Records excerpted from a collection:
------------------------------------------------------------------------

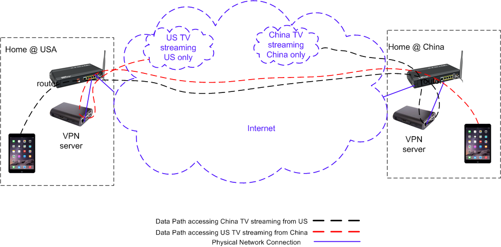 In this example, visitors from China can use iPad to connect to VPN server at home in China. This way, he/she can access the China TV streaming that limits access only from within China. The VPN server makes the iPad from US appear from within China. Also, in same way, his/her family in China can access US entertainment streaming that limits access only from within US.
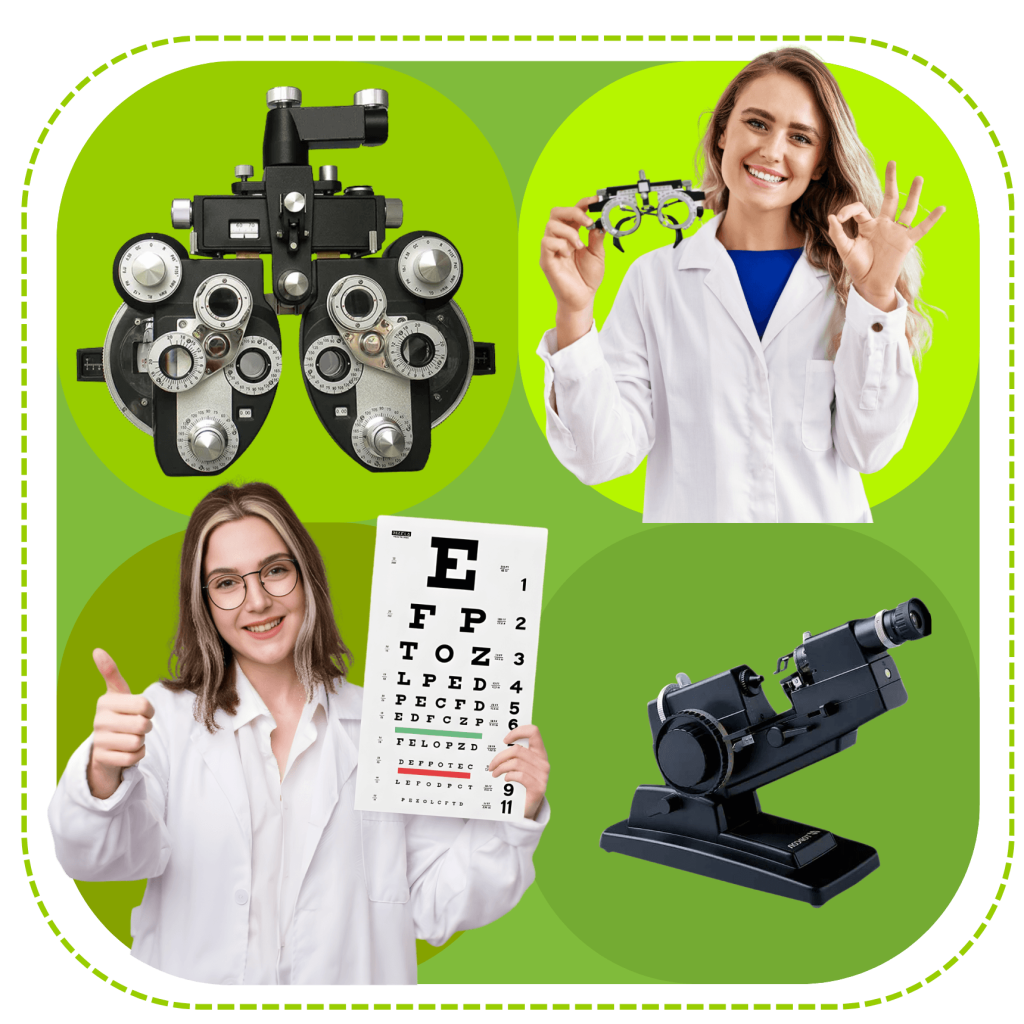 Uso de equipo profesional (foroptor, retinoscopio, etc.)
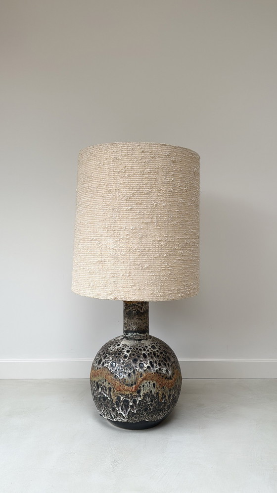 Vintage fat lava ceramic lamp with a beautiful beige shade. Dimensions: Base 28Ø / Shade 36/38Ø x 80H cm. The lamp is in good vintage condition, with minimal signs of use commensurate with its age. Can only be picked up in Maastricht, or delivery by arrangement.
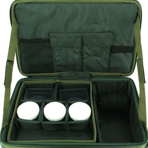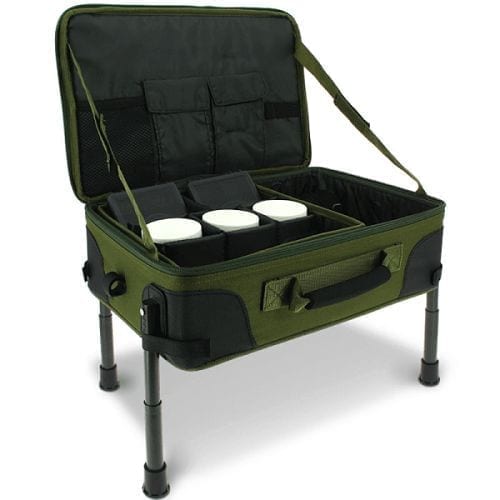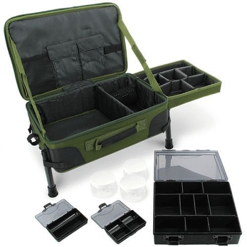 Estación de montaje con varios apartados de cierre con velcro. Cuenta con una bandeja lateral desmontable y tiene las patas ajustables. Su material lo hace resistente al agua.
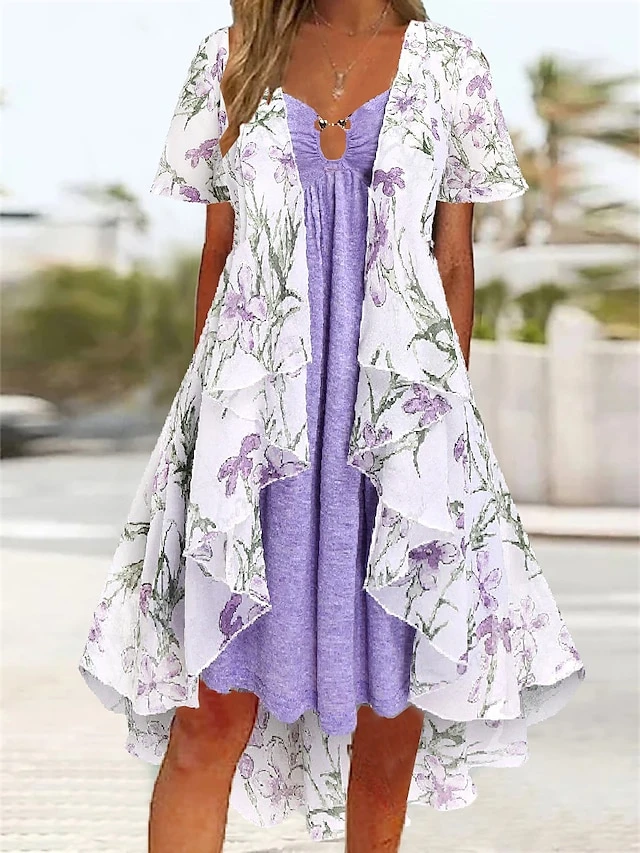 Women’s Two Piece Dress Set Casual Dress Tiered Dress Daily Holiday Fashion Modern Pocket Print Midi Dress V Neck Short Sleeve Floral Regular Fit Purple Summer Spring S M L XL XXL
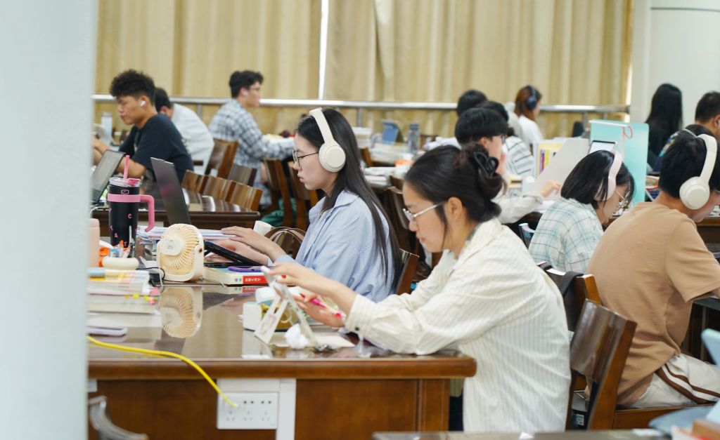 這段時間,浙江農林大學的學生在學校圖書館里看書學習,為考研考公作準備。據悉,暑假期間,浙江農林大學圖書館空調開放,不少學生選擇了留校在圖書館里學習,為考研考公作準備,環境優良的圖書館等場所也成為學生暑期學習、閱讀、避暑的好場所。
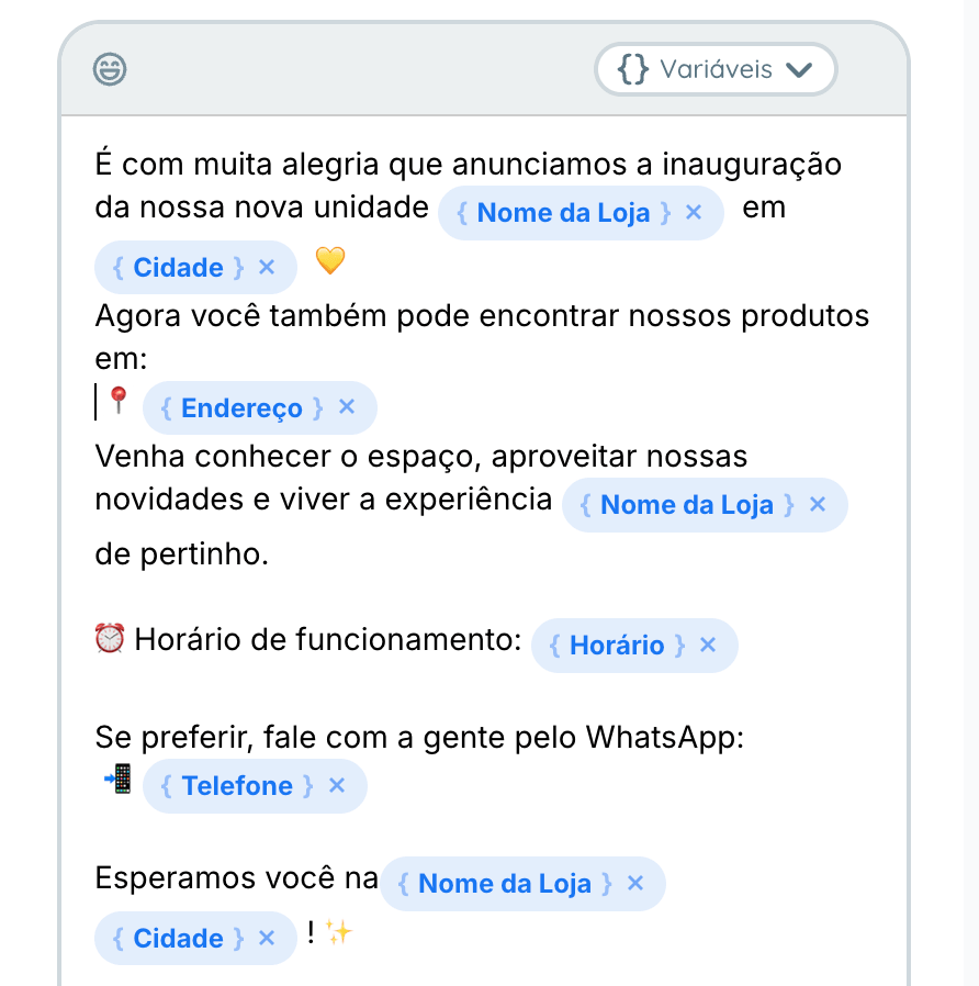 Exemplo: usuário cria a seguinte legenda: “Venha conhecer nossa unidade em [cidade]! Agende pelo número [telefone].”
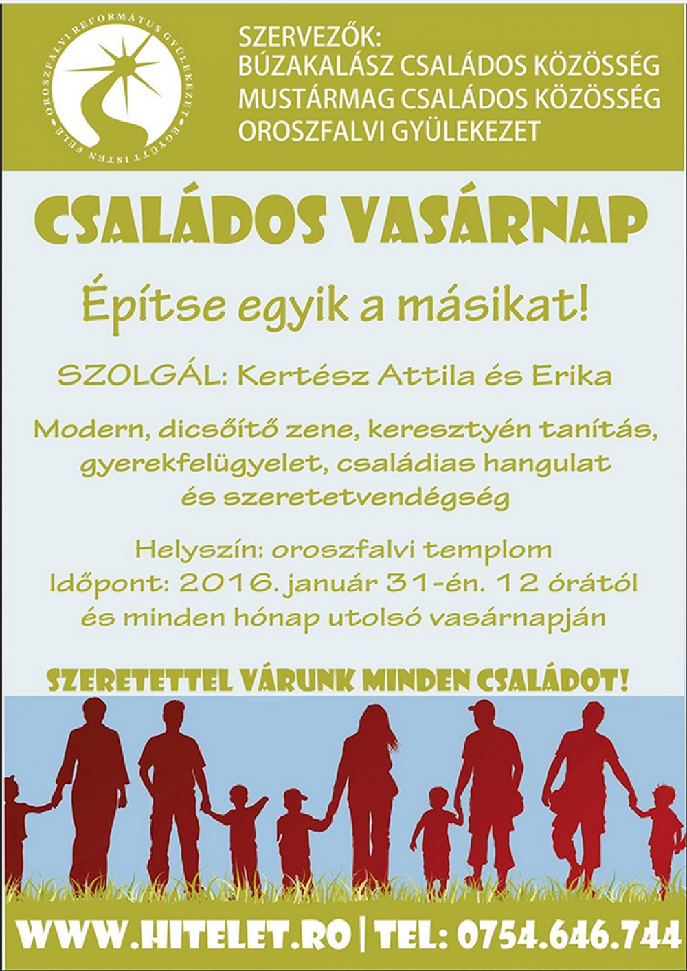 2016. január 31.-én l2 órától és minden hónap utolsó vasárnapján, az oroszfalvi templomban Családos Vasárnapot tartanak, Építse egyik a másikat témakörben!
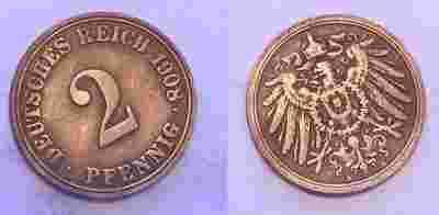 2 PFENNIGI 1908 A CESARSTWO NIEMIECKIE
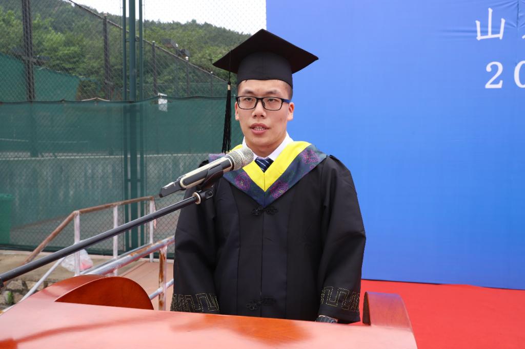 毕业生代表尘兴邦致辞。他回顾了四年来的大学生活,回忆了在学生会历练的成长过程,并代表2020届全体毕业生向学校,学院和师长们表达诚挚谢意和美好祝愿。他表示,作为科大学子,2020届毕业生定当奋勇前行,乘风破浪。随后,他倡议全体2020届毕业生向曾经引领自己前行的学院领导、老师们行谢师礼。
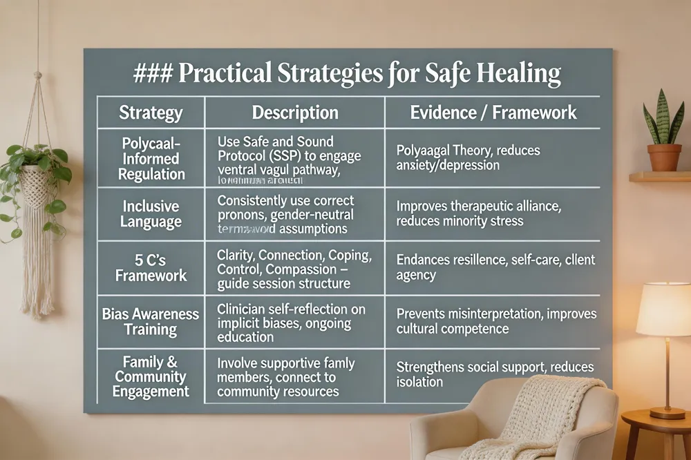| Polyvagal theory shows how the nervous system gauges safety; when the ventral vagal pathway is active, clients feel connected and can process emotions. The Safe and Sound Protocol (SSP), an auditory intervention rooted in this theory, helps regulate autonomic tone, lowering anxiety and depression in LGBTQ+ clients. Inclusive language—using correct pronouns, gender‑neutral terms, and avoiding assumptions—paired with bias awareness creates a climate where clients feel respected. The 5 C’s framework (Clarity, Connection, Coping, Control, Compassion) guides clinicians to foster communication, relationships, coping skills, client agency, and self‑care. |
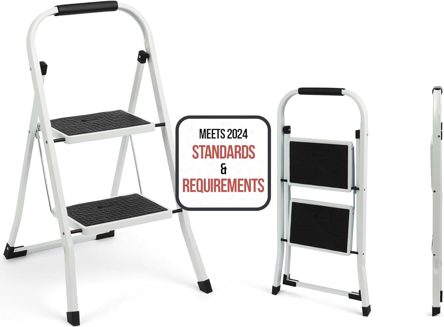 Simpli-Magic Step Ladder, 2 Step Stool Ergonomic Foldable with Wide Anti-Slip Pedal, Multi-Use for Household, Kitchen and Office (350 LBS Capacity)
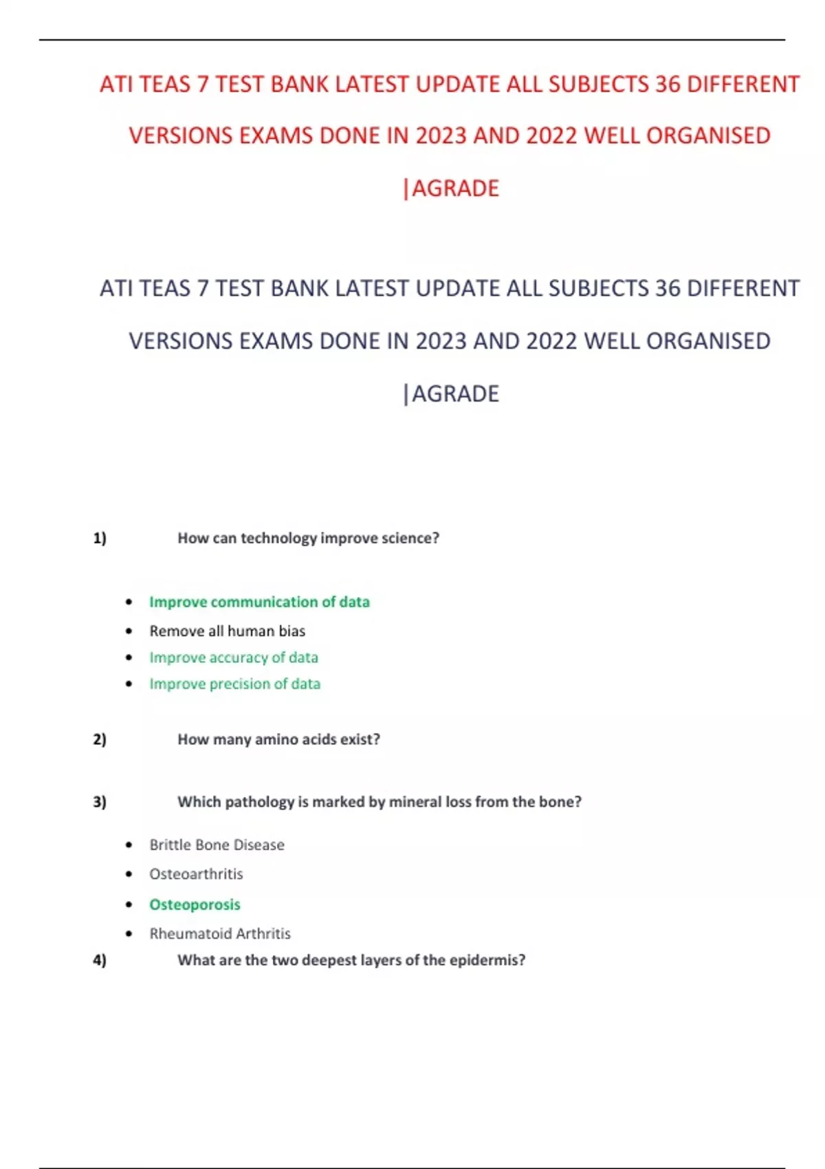 ATI TEAS 7 TEST BANK LATEST UPDATE ALL SUBJECTS 36 DIFFERENT VERSIONS EXAMS DONE IN 2023 AND 2022 WELL ORGANISED |AGRADE
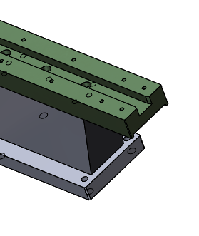 請問如圖綠色零件,過料槽兩邊給多少的公差?保證物料能順利通關軌道?

------------------------------------------------------------------------

Exercise description:
Above are the records; restate exactly the lines from the one containing "Uso de equipo" through the one containing "毕业生代表尘兴邦致辞。他回顾", keeping pictures out.

Answer:
 Uso de equipo profesional (foroptor, retinoscopio, etc.)
 Vintage fat lava ceramic lamp with a beautiful beige shade. Dimensions: Base 28Ø / Shade 36/38Ø x 80H cm. The lamp is in good vintage condition, with minimal signs of use commensurate with its age. Can only be picked up in Maastricht, or delivery by arrangement.
 Estación de montaje con varios apartados de cierre con velcro. Cuenta con una bandeja lateral desmontable y tiene las patas ajustables. Su material lo hace resistente al agua.
 Women’s Two Piece Dress Set Casual Dress Tiered Dress Daily Holiday Fashion Modern Pocket Print Midi Dress V Neck Short Sleeve Floral Regular Fit Purple Summer Spring S M L XL XXL
 這段時間,浙江農林大學的學生在學校圖書館里看書學習,為考研考公作準備。據悉,暑假期間,浙江農林大學圖書館空調開放,不少學生選擇了留校在圖書館里學習,為考研考公作準備,環境優良的圖書館等場所也成為學生暑期學習、閱讀、避暑的好場所。
 Exemplo: usuário cria a seguinte legenda: “Venha conhecer nossa unidade em [cidade]! Agende pelo número [telefone].”
 2016. január 31.-én l2 órától és minden hónap utolsó vasárnapján, az oroszfalvi templomban Családos Vasárnapot tartanak, Építse egyik a másikat témakörben!
 2 PFENNIGI 1908 A CESARSTWO NIEMIECKIE
 毕业生代表尘兴邦致辞。他回顾了四年来的大学生活,回忆了在学生会历练的成长过程,并代表2020届全体毕业生向学校,学院和师长们表达诚挚谢意和美好祝愿。他表示,作为科大学子,2020届毕业生定当奋勇前行,乘风破浪。随后,他倡议全体2020届毕业生向曾经引领自己前行的学院领导、老师们行谢师礼。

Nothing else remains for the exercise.